**ACTION ITEM**
Starting with the line that has "Led Remote Control" and finishing with the line that has "他の画像を見る 安全帯 フルハーネス", set down each line below exactly. Pictures are not copied.

**PROVIDED INFORMATION**
[Start of section]

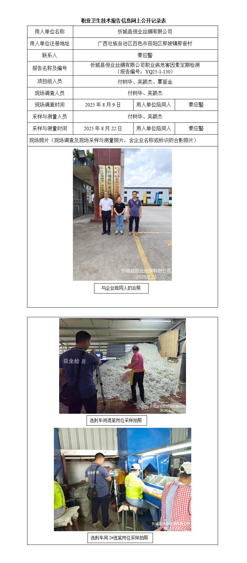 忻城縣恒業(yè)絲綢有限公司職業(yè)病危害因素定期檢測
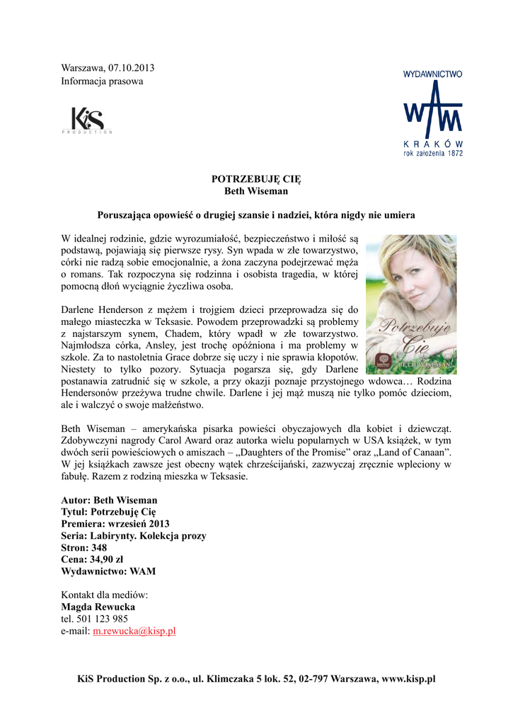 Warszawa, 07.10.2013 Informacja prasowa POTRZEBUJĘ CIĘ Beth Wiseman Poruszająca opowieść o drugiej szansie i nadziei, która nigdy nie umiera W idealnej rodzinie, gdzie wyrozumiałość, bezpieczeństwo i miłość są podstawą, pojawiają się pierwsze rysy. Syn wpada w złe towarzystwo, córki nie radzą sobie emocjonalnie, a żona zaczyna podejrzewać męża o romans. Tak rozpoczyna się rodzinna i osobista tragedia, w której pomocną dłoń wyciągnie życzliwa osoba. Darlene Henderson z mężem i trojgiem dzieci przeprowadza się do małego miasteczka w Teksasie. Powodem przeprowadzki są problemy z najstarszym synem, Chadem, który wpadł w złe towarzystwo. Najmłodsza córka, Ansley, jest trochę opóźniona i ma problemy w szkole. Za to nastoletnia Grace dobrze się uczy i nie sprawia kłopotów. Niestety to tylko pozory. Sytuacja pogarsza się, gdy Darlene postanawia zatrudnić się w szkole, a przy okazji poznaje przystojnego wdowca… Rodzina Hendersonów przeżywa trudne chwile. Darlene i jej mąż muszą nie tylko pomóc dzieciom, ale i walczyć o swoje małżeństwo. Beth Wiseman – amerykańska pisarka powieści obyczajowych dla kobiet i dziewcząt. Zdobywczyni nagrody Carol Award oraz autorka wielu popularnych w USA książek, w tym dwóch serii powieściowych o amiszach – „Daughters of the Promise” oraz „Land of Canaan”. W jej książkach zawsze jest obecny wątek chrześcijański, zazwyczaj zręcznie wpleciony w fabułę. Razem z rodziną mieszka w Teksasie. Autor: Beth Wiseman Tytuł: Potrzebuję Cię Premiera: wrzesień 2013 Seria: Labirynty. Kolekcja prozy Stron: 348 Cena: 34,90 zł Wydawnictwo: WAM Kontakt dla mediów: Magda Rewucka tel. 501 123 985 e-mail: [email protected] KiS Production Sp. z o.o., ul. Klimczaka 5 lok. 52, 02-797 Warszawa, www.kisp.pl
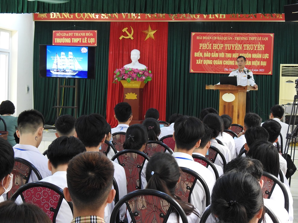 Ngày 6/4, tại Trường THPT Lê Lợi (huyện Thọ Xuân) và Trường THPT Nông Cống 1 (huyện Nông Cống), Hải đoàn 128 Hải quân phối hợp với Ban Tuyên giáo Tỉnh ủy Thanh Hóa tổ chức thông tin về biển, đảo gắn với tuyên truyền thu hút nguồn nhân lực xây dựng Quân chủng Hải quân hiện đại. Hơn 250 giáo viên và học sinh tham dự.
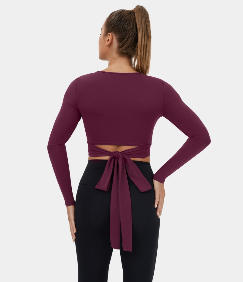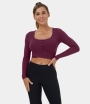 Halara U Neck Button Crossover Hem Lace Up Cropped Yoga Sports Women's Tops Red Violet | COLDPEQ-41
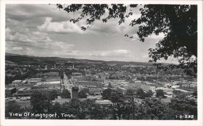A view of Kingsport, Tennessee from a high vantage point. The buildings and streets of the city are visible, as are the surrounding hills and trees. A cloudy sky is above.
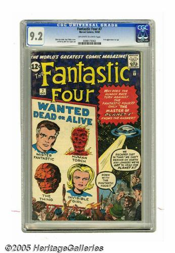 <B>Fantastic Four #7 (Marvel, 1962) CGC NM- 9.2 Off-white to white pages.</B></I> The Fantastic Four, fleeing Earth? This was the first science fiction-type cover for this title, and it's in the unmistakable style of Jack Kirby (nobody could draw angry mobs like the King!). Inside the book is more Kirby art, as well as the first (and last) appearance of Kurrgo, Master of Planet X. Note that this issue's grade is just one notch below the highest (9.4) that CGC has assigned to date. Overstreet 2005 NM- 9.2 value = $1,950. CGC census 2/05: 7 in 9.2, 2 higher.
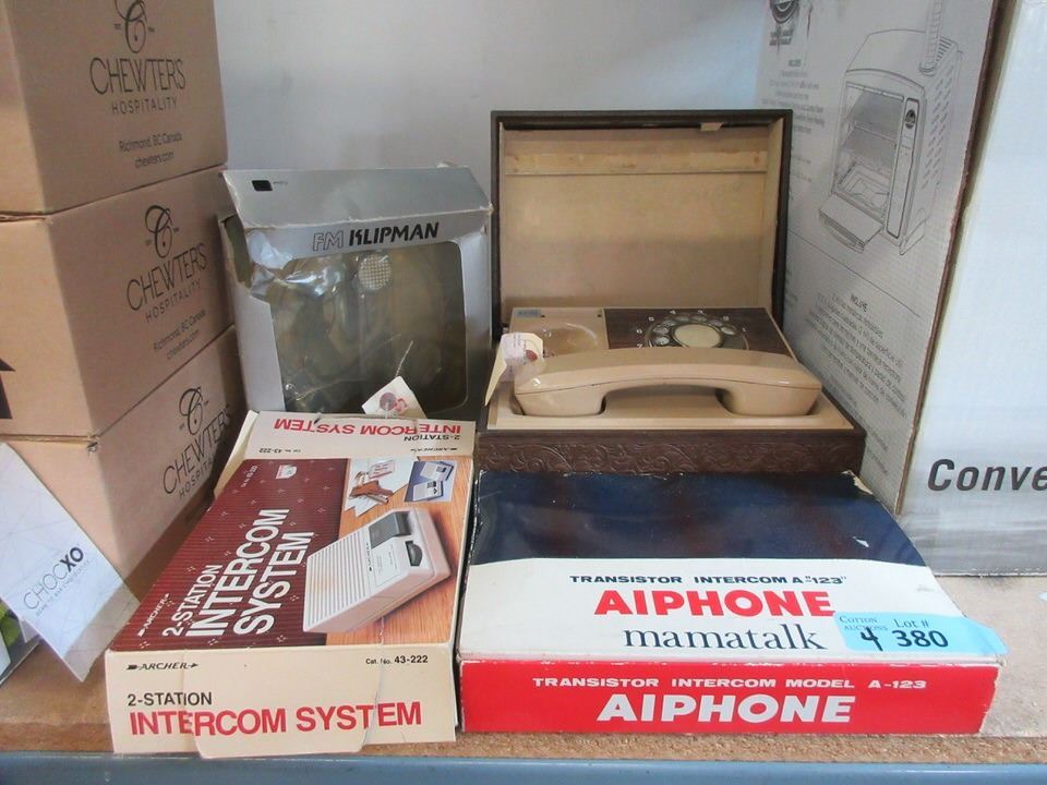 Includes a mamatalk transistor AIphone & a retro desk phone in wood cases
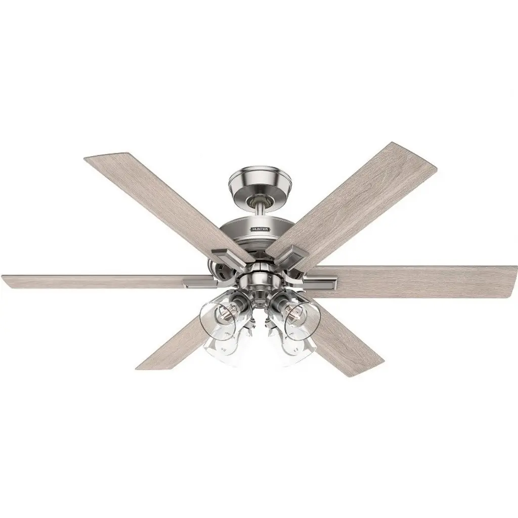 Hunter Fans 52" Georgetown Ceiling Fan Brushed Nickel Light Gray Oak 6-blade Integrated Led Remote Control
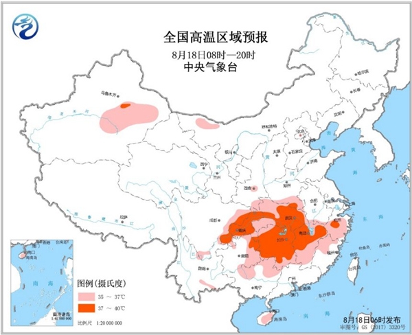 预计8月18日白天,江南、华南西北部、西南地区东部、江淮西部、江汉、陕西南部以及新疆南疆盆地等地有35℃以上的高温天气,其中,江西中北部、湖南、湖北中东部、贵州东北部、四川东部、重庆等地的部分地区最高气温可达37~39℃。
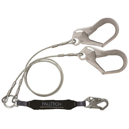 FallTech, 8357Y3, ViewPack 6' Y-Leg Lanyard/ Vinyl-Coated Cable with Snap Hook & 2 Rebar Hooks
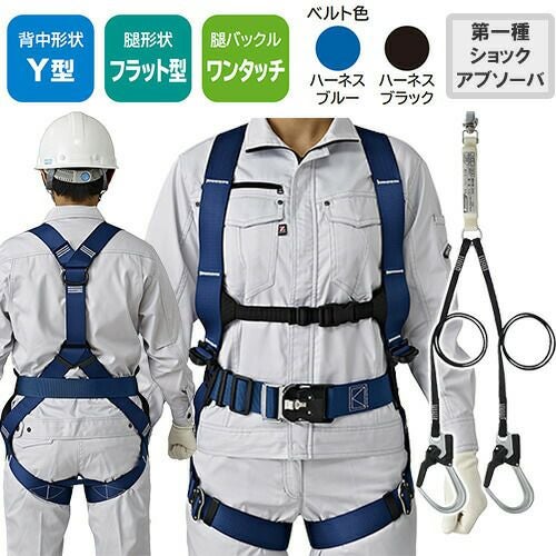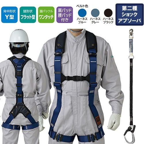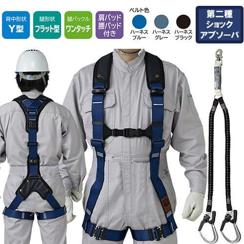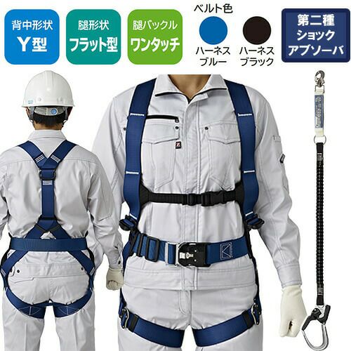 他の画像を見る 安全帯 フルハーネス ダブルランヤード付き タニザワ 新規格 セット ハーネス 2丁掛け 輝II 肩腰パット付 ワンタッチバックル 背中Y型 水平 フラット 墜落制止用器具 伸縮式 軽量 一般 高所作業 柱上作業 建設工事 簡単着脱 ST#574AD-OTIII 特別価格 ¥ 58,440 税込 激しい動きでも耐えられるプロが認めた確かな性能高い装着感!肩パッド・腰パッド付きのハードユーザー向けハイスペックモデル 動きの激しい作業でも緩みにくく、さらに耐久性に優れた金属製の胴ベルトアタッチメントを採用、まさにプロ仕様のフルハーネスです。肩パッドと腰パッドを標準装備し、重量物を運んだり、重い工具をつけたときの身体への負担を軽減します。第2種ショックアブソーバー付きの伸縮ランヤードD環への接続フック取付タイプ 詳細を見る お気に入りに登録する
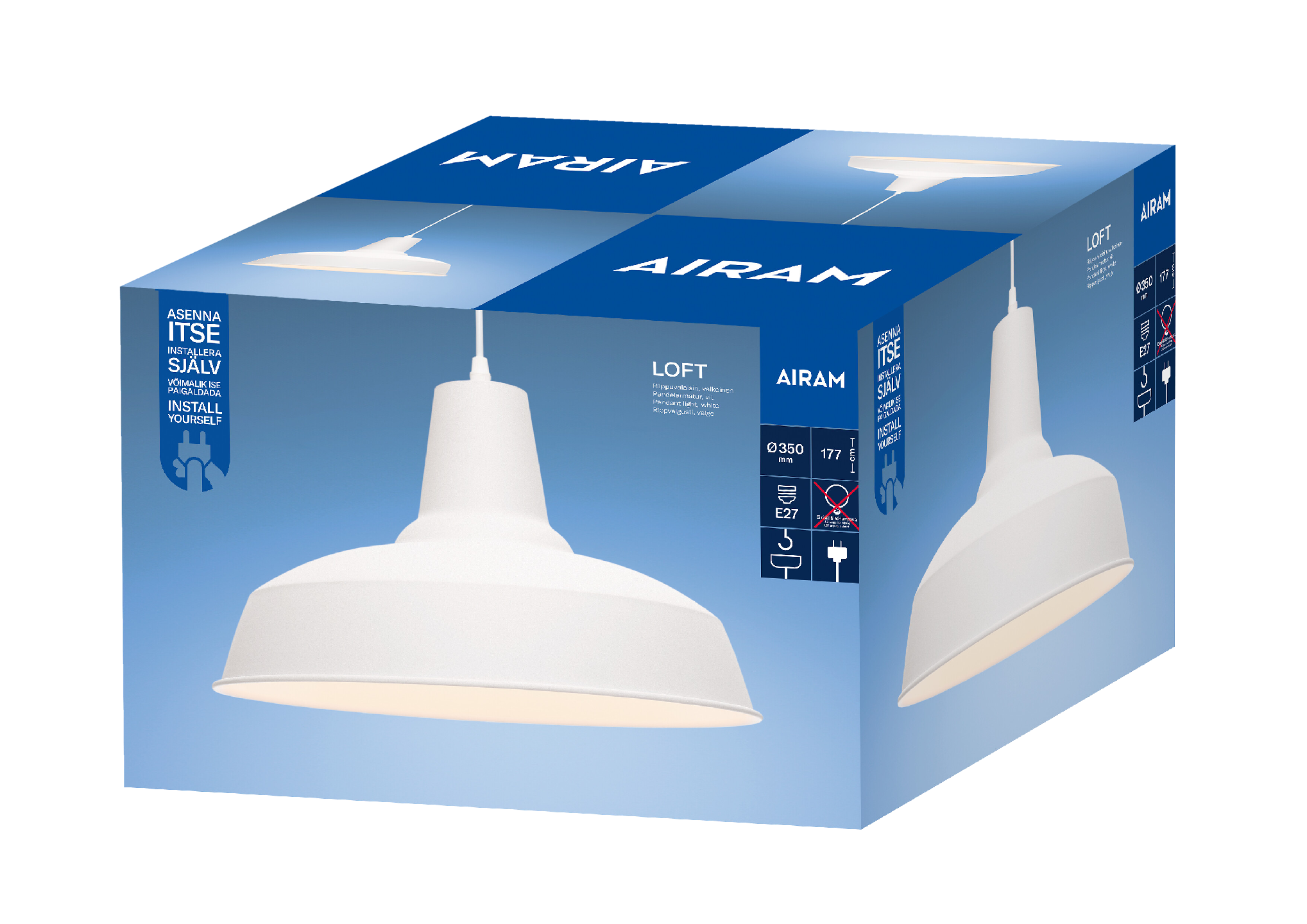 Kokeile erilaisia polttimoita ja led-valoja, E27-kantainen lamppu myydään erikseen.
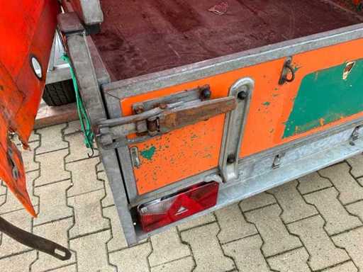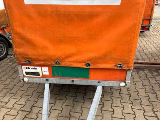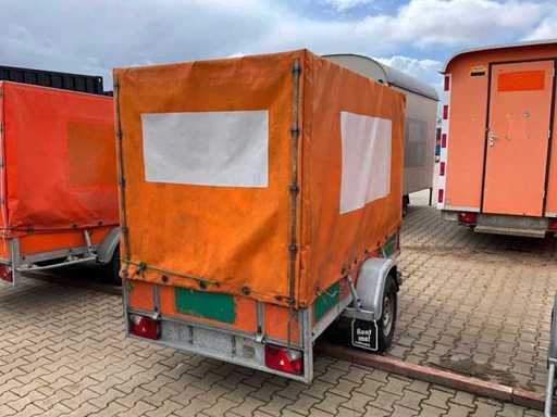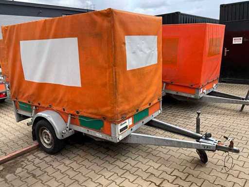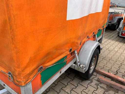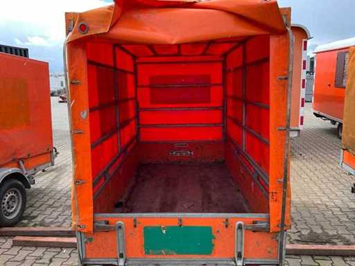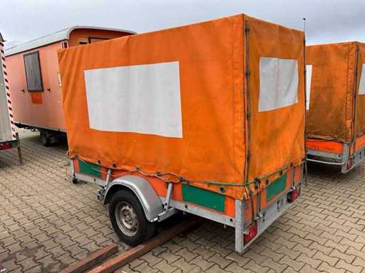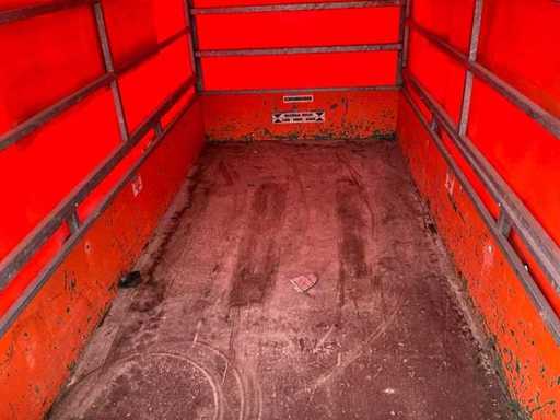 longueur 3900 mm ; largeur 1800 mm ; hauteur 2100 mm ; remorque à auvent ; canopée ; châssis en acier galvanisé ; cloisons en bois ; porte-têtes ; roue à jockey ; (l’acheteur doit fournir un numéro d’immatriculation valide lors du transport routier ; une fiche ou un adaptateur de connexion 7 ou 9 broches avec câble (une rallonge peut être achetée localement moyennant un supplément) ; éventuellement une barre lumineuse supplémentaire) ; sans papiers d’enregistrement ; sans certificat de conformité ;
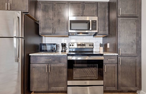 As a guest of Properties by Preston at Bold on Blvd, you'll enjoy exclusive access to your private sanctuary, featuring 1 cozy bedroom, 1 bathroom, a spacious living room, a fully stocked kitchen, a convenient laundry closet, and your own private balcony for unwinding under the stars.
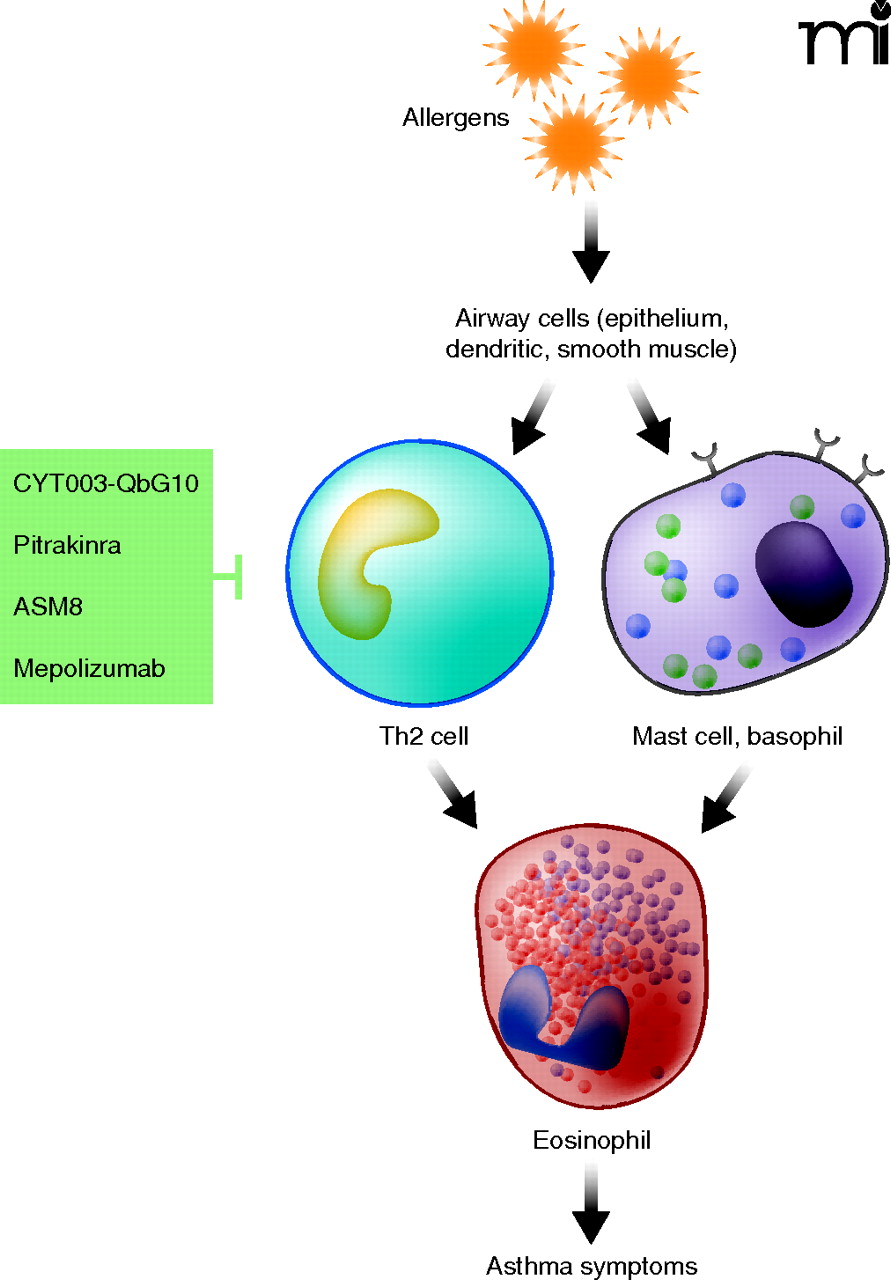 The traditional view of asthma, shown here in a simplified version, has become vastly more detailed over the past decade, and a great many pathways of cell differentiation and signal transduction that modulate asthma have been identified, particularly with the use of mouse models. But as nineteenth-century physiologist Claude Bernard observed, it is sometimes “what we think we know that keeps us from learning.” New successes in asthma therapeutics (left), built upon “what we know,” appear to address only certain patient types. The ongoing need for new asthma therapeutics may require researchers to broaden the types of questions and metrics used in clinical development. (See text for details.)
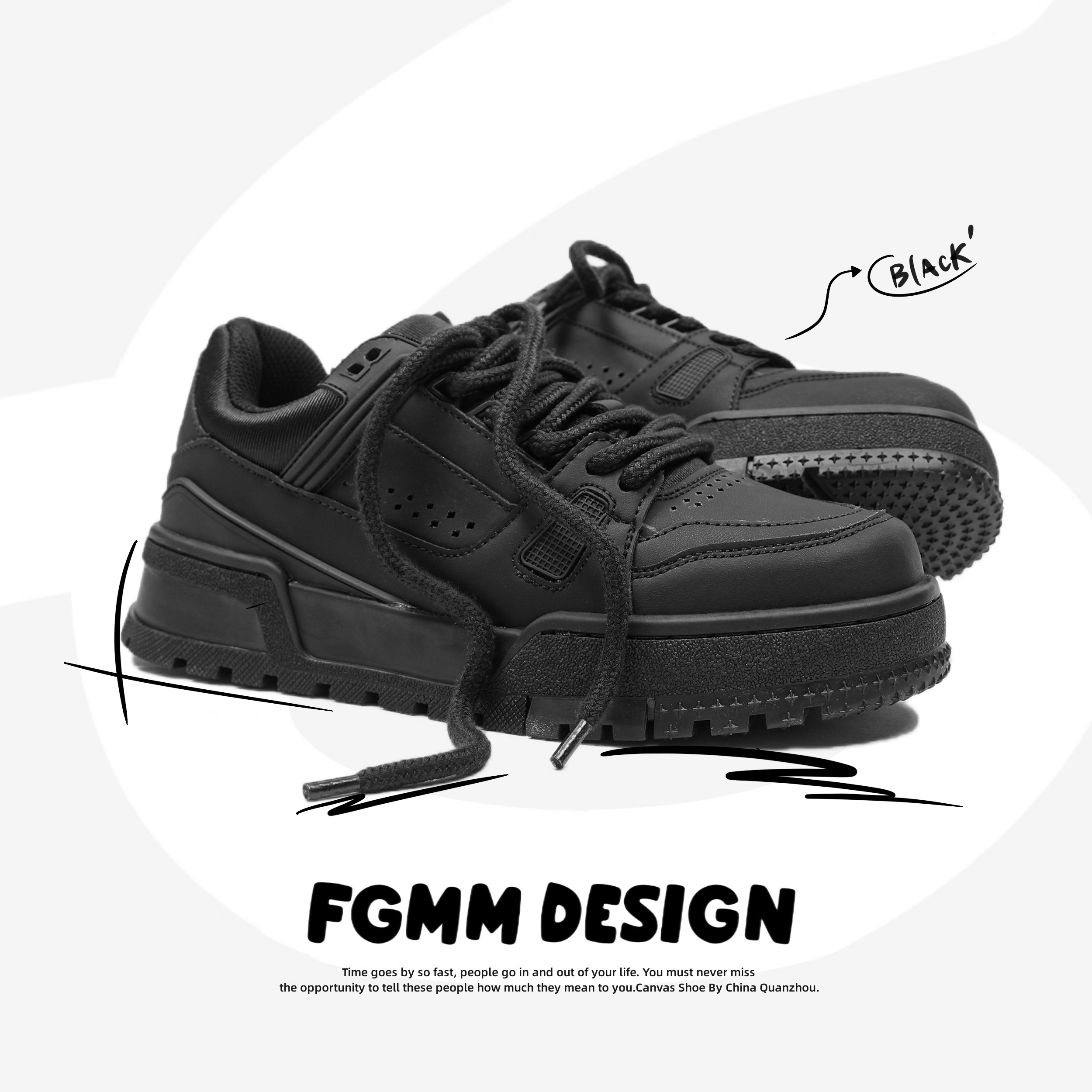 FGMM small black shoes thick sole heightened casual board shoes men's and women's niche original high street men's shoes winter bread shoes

[End of section]

**FINISHED TASK**
 Hunter Fans 52" Georgetown Ceiling Fan Brushed Nickel Light Gray Oak 6-blade Integrated Led Remote Control
 预计8月18日白天,江南、华南西北部、西南地区东部、江淮西部、江汉、陕西南部以及新疆南疆盆地等地有35℃以上的高温天气,其中,江西中北部、湖南、湖北中东部、贵州东北部、四川东部、重庆等地的部分地区最高气温可达37~39℃。
 FallTech, 8357Y3, ViewPack 6' Y-Leg Lanyard/ Vinyl-Coated Cable with Snap Hook & 2 Rebar Hooks
 他の画像を見る 安全帯 フルハーネス ダブルランヤード付き タニザワ 新規格 セット ハーネス 2丁掛け 輝II 肩腰パット付 ワンタッチバックル 背中Y型 水平 フラット 墜落制止用器具 伸縮式 軽量 一般 高所作業 柱上作業 建設工事 簡単着脱 ST#574AD-OTIII 特別価格 ¥ 58,440 税込 激しい動きでも耐えられるプロが認めた確かな性能高い装着感!肩パッド・腰パッド付きのハードユーザー向けハイスペックモデル 動きの激しい作業でも緩みにくく、さらに耐久性に優れた金属製の胴ベルトアタッチメントを採用、まさにプロ仕様のフルハーネスです。肩パッドと腰パッドを標準装備し、重量物を運んだり、重い工具をつけたときの身体への負担を軽減します。第2種ショックアブソーバー付きの伸縮ランヤードD環への接続フック取付タイプ 詳細を見る お気に入りに登録する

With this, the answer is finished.